Exercise brief: Below are records with pictures in them. Output exactly the lines from the one with "いち早く製品化し、大きなシェ" through the one with "SKYWALKER BIEDT DE", both included, and leave every picture out; give only those lines.

____ Data listing

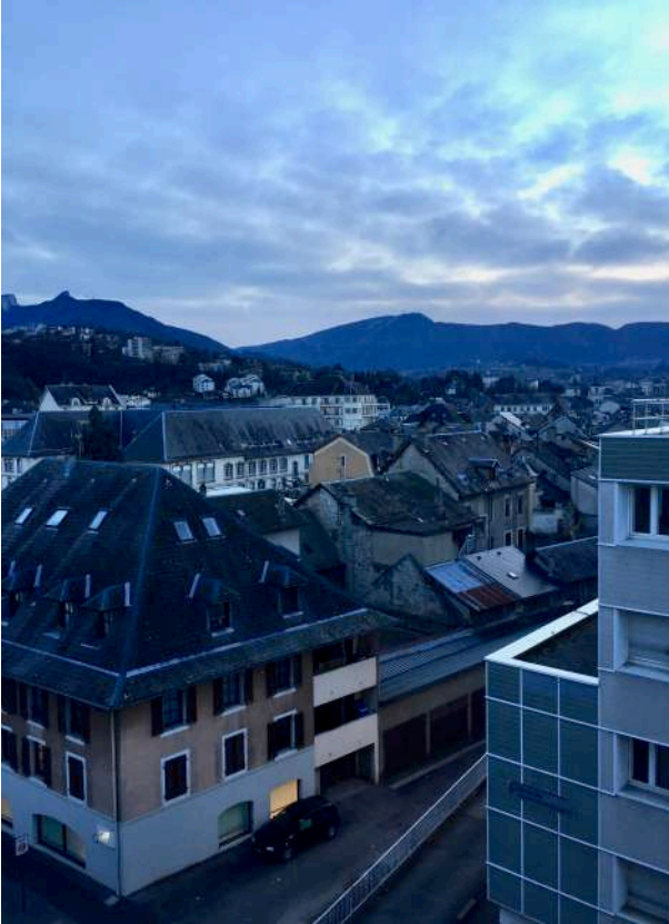
Kuva 3: Näkymät yhden asuntolan ikkunasta
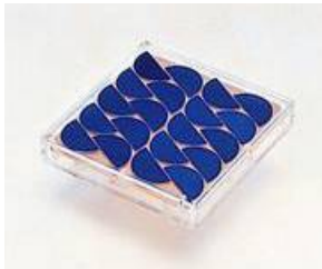
太陽電池モジュール

いち早く製品化し、大きなシェアを持つ「太陽電池」の生産過程を原料から実物で見ることができました。
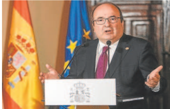
El ministro de Cultura, Miquel Iceta
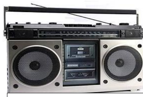
Medio de comunicación en el siglo XX
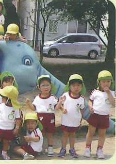
そうさんの前々ハイ、チーズ
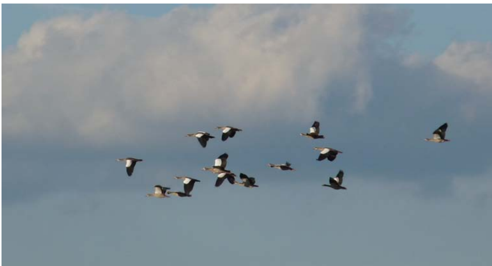
Nilgänse, Ladenburg, 30.08.2009
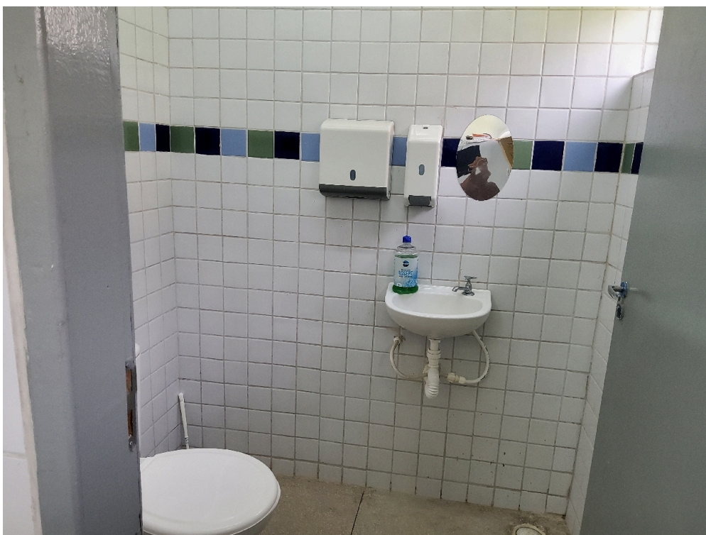
Banheiro do consultório de enfermagem
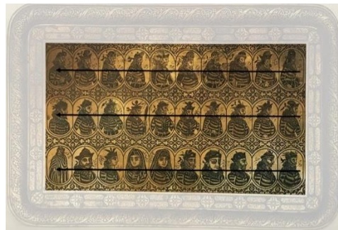
شکل ۴. زمینه سینی، تصاویر پادشاهان و جهت خوانش تصاویر
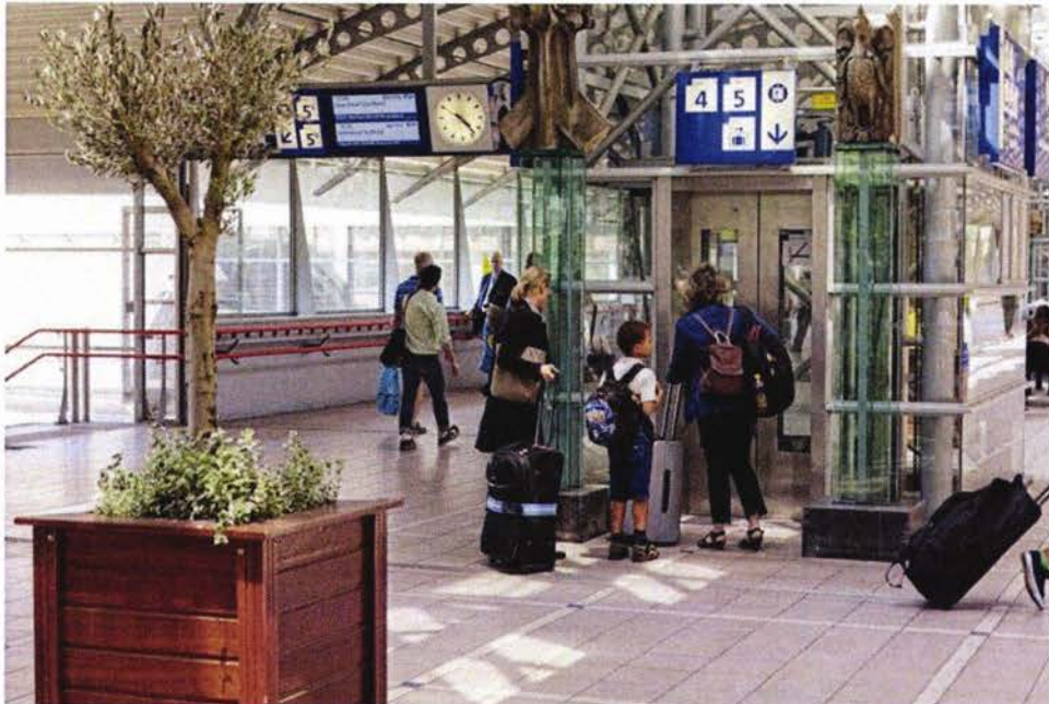
SKYWALKER BIEDT DE MOGELIJKHEID OM REIZIGERS INZICHT TE GEVEN IN ACTUELE LIFTSTORINGEN

Naast de liften op 35 stations, die ProRail voor 2020 aansluit op Skywalker, is de vuistregel dat alle nieuw te bouwen liften worden aangesloten op Skywalker. Hierbij wordt opgemerkt dat het kan voorkomen dat er stations zijn waarbij niet alle liften aangesloten zijn vanwege de gefaseerde uitrol.
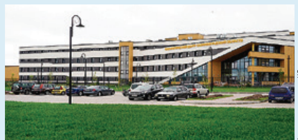
■ Строительство онкоцентра близится к завершению

Ранее сообщалось, что новое учреждение будет сдано в августе, а первых пациентов врачи центра смогут принять уже в конце этого года. Правда, если успеют пройти все необходимые процедуры лицензирования.
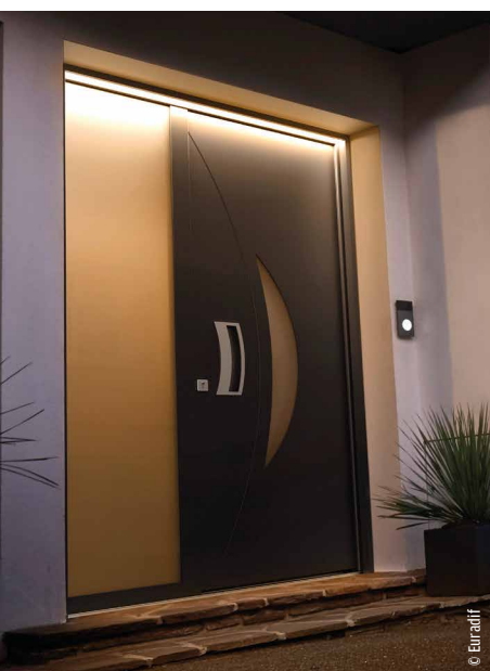
Le bandeau de Leds intégré Euraled s'installe sans percement sur le mur.

________

Solution to this problem:
いち早く製品化し、大きなシェアを持つ「太陽電池」の生産過程を原料から実物で見ることができました。
El ministro de Cultura, Miquel Iceta
Medio de comunicación en el siglo XX
そうさんの前々ハイ、チーズ
Nilgänse, Ladenburg, 30.08.2009
Banheiro do consultório de enfermagem
شکل ۴. زمینه سینی، تصاویر پادشاهان و جهت خوانش تصاویر
SKYWALKER BIEDT DE MOGELIJKHEID OM REIZIGERS INZICHT TE GEVEN IN ACTUELE LIFTSTORINGEN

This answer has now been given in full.